Orbene, nella comune accezione, “industriale” si coniuga istintivamente con “grande quantità” pur fatta bene, piuttosto che “gran qualità” con numeri più ridotti. Ciò è tanto più comune se applicato al settore alimentare, ma sappiamo che non è sempre vero.
In questa sede interessa focalizzare come sia difficile sostituire la mentalità naturalmente “agricola” del produttore con quella della massima qualificazione “industriale” necessaria per elaborare uno spumante metodo classico d’origine destinato più ad emozionare che a dissetare. Come dire: prendo un vino base spumante doc e lo trasformo, interpretandolo come un artista modella un oggetto, in qualcosa cioè che va al di là della funzione d’uso della materia di partenza. Il produttore quindi, si deve trasformare in artista e se questo passaggio non gli riesce, alla fine dei ragionamenti non gli resterà che agire sulla leva del prezzo per farsi comprare la sua bottiglia, anche se di gran qualità. E’ il caso dei prodotti che non emozionano, ecco perché bisogna “industrializzarsi“ nel senso che ho tentato di esprimere.
A questo punto il discorso si complicherebbe ancor più quando a produrre un metodo classico d’origine è una cooperativa: questione questa, talmente delicata che forse merita un post a sé stante, per cui converrà restare sull’acronimo “doc” legato alla denominazione Trento.
“Trento” fu proposto da Gino Lunelli per separare il nostro spumante classico da “Trentino“, con il capoluogo chiamato a dare il suo nome ad un territorio già coperto dalla denominazione riservata ai vini tranquilli di qualità locali.

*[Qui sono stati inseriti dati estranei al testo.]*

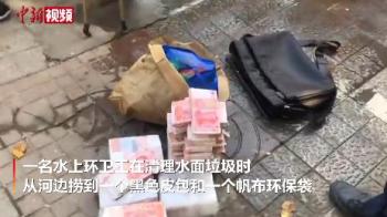 134.海南海口一名环卫工从河里打捞出巨额现金,警方介入调查。(中国新闻网)

Come già detto, l’aver recentemente legato “Trento” a “doc” nella comunicazione istituzionale è stata operazione da apprendisti stregoni che sarà anche piaciuta ai produttori perché pagava pantalone, ma che oltre a non comunicare, ha fatto pure perdere tempo. Nel capoluogo ed in provincia, come ampiamente dimostrato anche da questo blog, alla richiesta di un Trento o di un Trentodoc si assiste solo ad uno sgranar d’occhi interrogativi e se va bene, ti arriva un Prosecco.
Infierire oltre, sarebbe come sparare sulla Croce rossa. Basti considerare che a distanza di anni e dopo tutti gli investimenti di Re Sole, la real casa Ferrari vende da sola i due terzi di tutte le bottiglie di Trento e, cosa ancor più ficcante, con una redditività rispetto al capitale investito seconda in Italia solo ad Antinori. Accomunarvi Rotari, dileggiare Cesarini Sforza, irridere la Fondazione Mach e dimenticare tutti gli altri 40 spumantisti trentini è esercizio che non appartiene a questo blog. Meglio, come ammette Claudio, che lui pensi sempre alla vendita, lasciando la poesia (nel nostro caso l’emozione) non già a chi beneficia del posto fisso (non siamo fra costoro) o ai figli di papà, ma a chi ogni giorno si sente impegnato a qualificare il territorio nei suoi diversi e separati aspetti.
Pseudonimo utilizzato da uno dei personaggi chiave del vino trentino, depositario di segreti,conoscitore di vizi e virtu dell’enologia regionale e non solo.
Massarello alias Angelo Massarelli, nato a San Severino Marche nel 1510, dopo gli studi in seminario si laureò in leggi canoniche e civili presso l’Università di Siena.
Tornato a San Saverino fu dapprima assegnato alla chiesa di S. Eligio e poi fu eletto priore della collegiata della cittadina.
Grazie alla frequentazione di alcuni letterati conobbe il cardinale Marcello Cervini, futuro papa Marcello II.
Quando il papa Paolo III delegò il cardinale Cervini ad assumere la presidenza del Concilio di Trento, questi volle come segretario del Concilio il Massarelli. Un cardinale così descrive l’operato del Massarelli: «essendo egli lodato dal testimonio incontrastabile dell’esperienza, ed ammaestrato dall’esquisita scuola dell’esercizio, tenne stabilmente il grado di Segretario del Concilio».
Durante gli intervalli delle sedute del Concilio svolse l’importante mansione di Segretario di Stato del pontefice.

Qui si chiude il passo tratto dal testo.